C’est en 1513 et en 1514 que Michel-Ange dut sculpter le Moïse et les deux Esclaves, le mourant et le rebelle, et en ébaucha plusieurs autres. La progression trop lente de l’ouvrage irrita les héritiers Della Rovere qui passèrent un nouveau contrat le 8 juillet 1516 pour un monument simplifié, moins profond mais aussi large et plus élevé, comportant une vingtaine de statues, dont six Prisonniers pour le soubassement.
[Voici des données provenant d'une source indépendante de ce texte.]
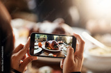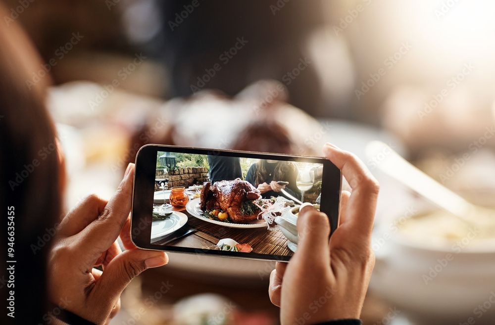 Turkey, mobile or hands taking picture at restaurant for food photography, social media or status update. Screen closeup, influencer or woman at cafeteria for blog, meal post or chicken review online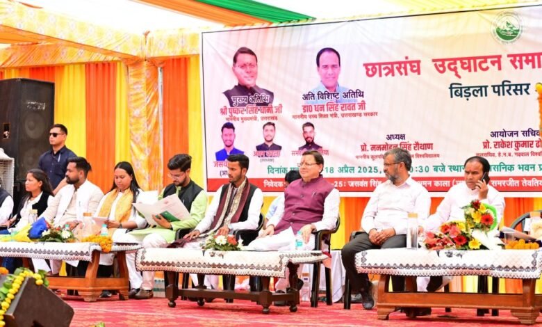 पौड़ी: प्रदेश के मुख्यमंत्री पुष्कर सिंह धामी ने आज हेमवती नंदन बहुगुणा गढ़वाल केंद्रीय विश्वविद्यालय परिसर, श्रीनगर में आयोजित छात्रसंघ उद्घाटन समारोह 2024-25 में मुख्य अतिथि के रूप में शिरकत की। उन्होंने दीप प्रज्ज्वलित कर कार्यक्रम का शुभारंभ किया।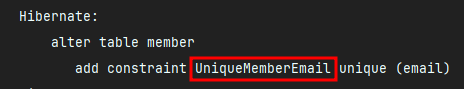 제약 조건의 이름은 "UniqueMemberEmail"로 정했다.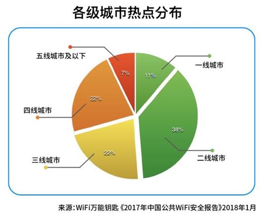 根據(jù)WiFi萬能鑰匙地域大數(shù)據(jù)顯示,在WiFi數(shù)量上,一二線城市明顯多于三四線城市,其中,成都、深圳、北京、廣州、上海位列中國城市WiFi熱點數(shù)量top 5;從風(fēng)險WiFi比例上看,風(fēng)險WiFi的比例卻遠(yuǎn)遠(yuǎn)低于三線以下城市。因此,不管是在數(shù)量上還是安全性上,一二線城市優(yōu)勢明顯。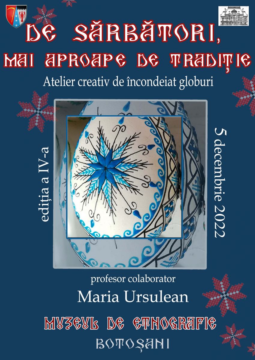 Muzeul Județean Botoșani, Secția de Artă plastică – Etnografie desfăşoară, în data de 5 decembrie 2022, începând cu ora 12.00, atelierele creative intitulate „De sărbători, mai aproape de tradiţie”, la sediul Muzeului de Etnografie din Bulevardul Mihai Eminescu, nr. 50.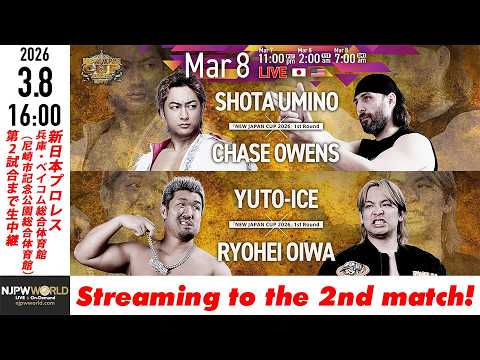 #njcup #新日本プロレス #njpw #newjapanprowrestling #njpwworld 🦁チャンネル登録はこちら⇩ 3月8日(日) 16:00開始 NEW JAPAN CUP 2026 兵庫・ベイコム総合体育館(尼崎市記念公園総合体育館) 第2試合目までYouTubeで無料配信! 🌏3試合目以降は『#NJPWWORLD』で配信! いますぐ見る ⇒ ※ 一部入退場曲は、権利上の理由で消音になります。あらかじめご了承ください ------------------------------------ 🦁Subscribe now and never miss a new video⇩ NEW JAPAN CUP 2026 (SUN.MAR.8.2025) Streaming to the 2nd match! After the 3rd match, you can enjoy the match at NJPW WORLD!! Watch Now ⇒ ※ Due to music licensing, some wrestlers'entrance themes muted during the event. ------------------------------------ ★NJPW WORLD 公式SNS | Follow NJPW WORLD on all social media platforms X - Facebook - Instagram - TikTok -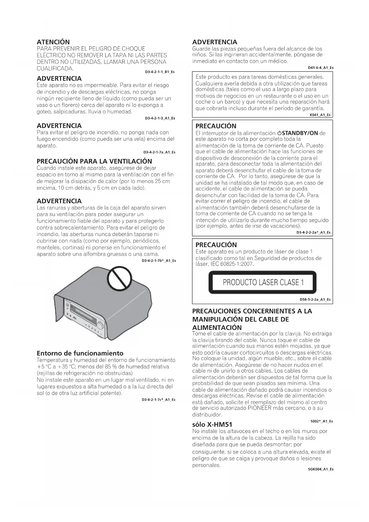 • Sección del amplificador Potencia de salida RMS:. . . . . . . . . . . . . . . . . . . . . . . . . . . . . . . . . . . . . . . . 50 W + 50 W(1 kHz, 10 % T.H.D., 4 :) • Sección del sintonizador Intervalo de frecuencia (FM) . . . . . . . De 87,5 MHz a 108 MHz Entrada de antena (FM) . . . . . . . . . . . . . . .75 : no equilibrada Intervalo de frecuencia (AM). . . . . . . . De 522 kHz a 1620 kHzAntena (AM) . . . . . . . . . . . . . . . . . . . . . . . . . Antena de cuadro • Varios Terminal USB . . . . . . . . . . . . . . . . . . . . . . . . . . . . . . . .5 V, 2,1 AFuente de alimentación. . . . . . . . . . . . . . . . . . . . . . . CA de 220 V a 240 V, 50 Hz/60 HzConsumo eléctricoEncendido. . . . . . . . . . . . . . . . . . . . . . . . . . . . . . . . . . . . 36 WReserva de alimentación. . . . . . . . . . . . . . . .0,5 W o menosDimensiones. . . . . . . . . . . . .215 mm (An) x 100,5 mm (Al) x 325 mm (Prof)Peso (sin el embalaje) . . . . . . . . . . . . . . . . . . . . . . . . . . . 2,3 kg • Altavoz (sólo X-HM51) Sistema de altavoces protegidos magnéticamente Tipo Sistema de altavoces del tipo de 2 víasTweeter en domo de 2,5 cmAltavoz para sonidos graves, tipo cónico, de 12 cmPotencia máxima de entrada . . . . . . . . . . . . . . . . . . . . . . 50 W Impedancia . . . . . . . . . . . . . . . . . . . . . . . . . . . . . . . . . . . . . 4 : Dimensiones. . . . . . . . . . . . .156 mm (An) x 241,5 mm (Al) x 243 mm (Prof)Peso. . . . . . . . . . . . . . . . . . . . . . . . . . . . . . . . . . 3,4 kg/cada uno • Accesorios Mando a distancia . . . . . . . . . . . . . . . . . . . . . . . . . . . . . . . . . . 1Cable de antena de AM . . . . . . . . . . . . . . . . . . . . . . . . . . . . . . 1Antena de hilo de FM. . . . . . . . . . . . . . . . . . . . . . . . . . . . . . . . 1Pilas AAA (R03) . . . . . . . . . . . . . . . . . . . . . . . . . . . . . . . . . . . . 2Cable de altavoz (sólo X-HM51). . . . . . . . . . . . . . . . . . . . . . . . 2Soporte de iPad . . . . . . . . . . . . . . . . . . . . . . . . . . . . . . . . . . . . 1Cable de alimentaciónTarjeta de garantíaManual de instrucciones (este manual) Nota• Las especificaciones son aplicables cuando la alimentación es de 230 V.• Las especificaciones y el diseño están sujetos a posibles modificaciones sin previo aviso, debido a mejoras.© 2013 PIONEER CORPORATION.Todos los derechos reservados. ;+0B6<;(B(VERRN࣮࣌ࢪ㸰㸮㸯㸱ᖺ㸱᭶㸰㸶᪥ࠉᮌ᭙᪥ࠉ༗ᚋ㸳㸯㸵ศВНИМАНИЕ
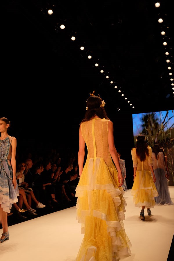 Bora Aksu karşımıza tam bir modern zamanlar masalı çıkarıyor önümüzdeki sezon için… Kat kat etekler, ince kumaşlar, tığ işlemeler ve fırfır detaylar ile elbiseler usta bir işçiliğin eseri olduğunu kanıtlar nitelikte. Sade ve minimal bir tavır sergileyen koleksiyonda renkler ise pastel tonları ile sınırlandırılmış. Uçuk pembeler, bebek mavileri ve açık sarılar ile hazırlanmış koleksiyonda hem renk hem detaylar sizi doğanın kucağına bırakıyor ve kendinizi doğanın prensesleri arasında hissediyorsunuz. Bora Aksu koleksiyonu ve defilesi her bir parçası ve detayı ile tüm moda severleri en etkileyen defilelerin başında geliyor.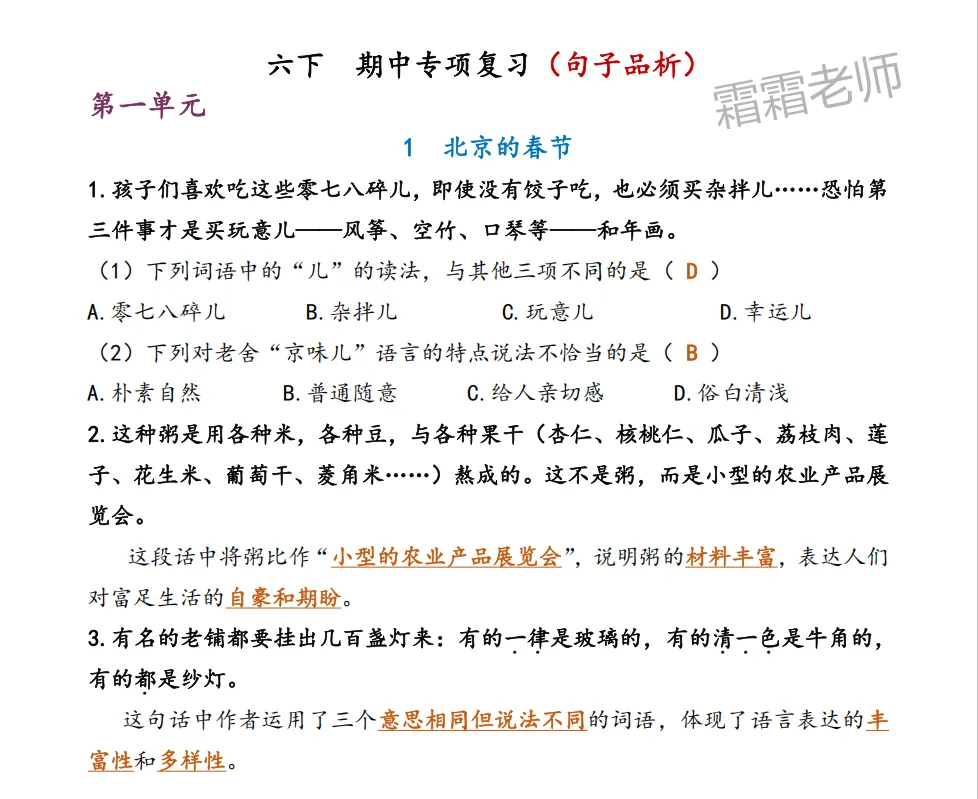 六下前四个单元的基础知识,重点不在“广”,而在“准”。很多孩子复习时翻一遍书就算过,结果考试时易错字照样错。
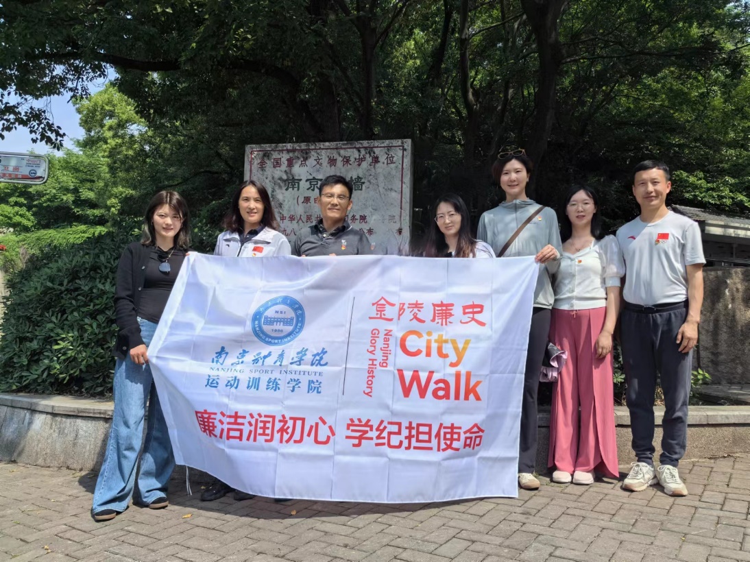 为推动廉洁文化建设,以党史学习教育为契机,将廉洁文化与学校体育特色元素结合,运动训练学院党总支组织基层党支部以结对的形式,分2批次开展“金陵廉史”City Walk,参观廉政文化教育基地,深入学习习近平总书记关于廉洁齐家、廉洁修身、廉洁用权和廉洁从教的重要论述,推动党员干部坚定理想信念,筑牢拒腐防变的思想道德防线。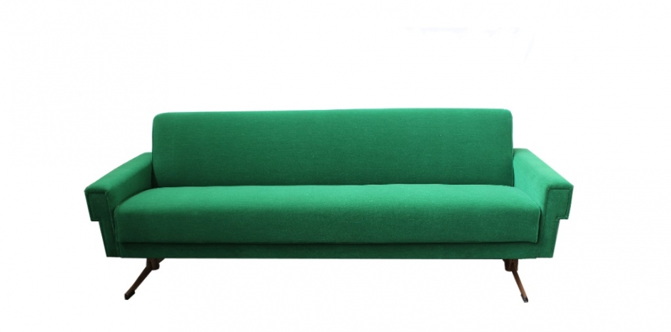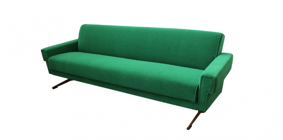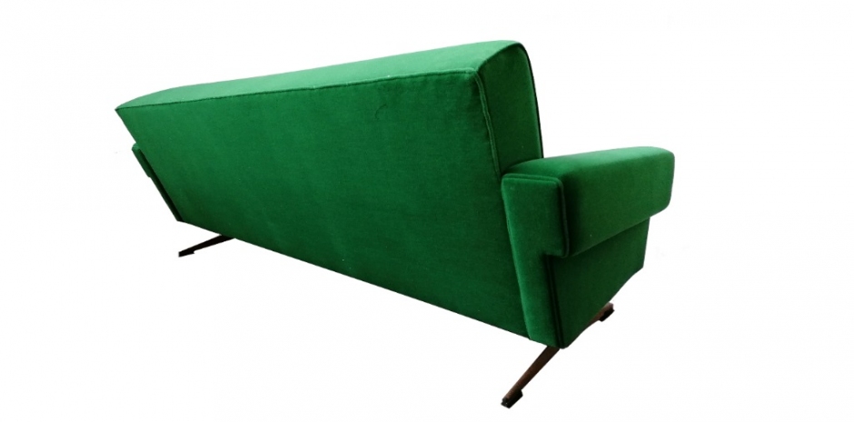 Italian stunning Midcentury Emerald Green sofà with metal foot

Mais Michel-Ange dut retourner à Florence, chargé de l’architecture de la Sagrestia nuova à San Lorenzo et ses fameux tombeaux qui l’occupèrent de 1520 à 1527. Il ébaucha cependant, vers 1520 et 1523, quatre statues d’esclaves (aujourd’hui à la Galleria dell’Accademia de Florence) et le Génie de la Victoire qu’il destinait au tombeau de Jules II. Puis en 1525, il proposa à l’héritier de Jules II, le duc d’Urbin, un monument beaucoup plus simple. Le 29 avril 1532, une nouvelle convention entre le sculpteur et les héritiers Della Rovere précisait que le monument, ne pouvant prendre place dans la basilique Saint-Pierre encore en cours de démolition, serait érigé dans la basilique San Pietro in Vincoli dont Jules II avait été jadis cardinal titulaire ; il comporterait les quatre statues terminées (les deux Esclaves, Moïse, le Génie de la Victoire). Le 23 septembre 1534, Michel-Ange quittait définitivement Florence pour Rome où le nouveau pape, Paul III Farnèse, lui commanda la fresque du Jugement dernier. Il était entendu que l’artiste se ferait aider d’assistants pour terminer le monument funéraire. En juillet 1542, craignant que ses Esclaves nus fussent jugés indécents, il eut la permission de les remplacer par des statues symbolisant la Vie active et la Vie contemplative. Le monument fut bel et bien terminé en février 1545, un monument à caractère purement religieux. La statue gisante du pape fut réalisée par Tommaso Boscoli, mais Michel-Ange tint à en reprendre le visage et les mains. C’est Raffaello da Montelupo qui sculpta de chaque côté un Prophète et une Sibylle et supervisa le travail de Scherano Fancelli pour la Vierge. Quatre termes à mi-corps sculptés dès 1513 par Antonio da Pontassieve encadraient les niches du niveau inférieur, dans lesquelles se dressent les statues de Rachel et Lea, Vie active et Vie contemplative, dues au ciseau de Michel-Ange, de part et d’autre de son fameux Moïse.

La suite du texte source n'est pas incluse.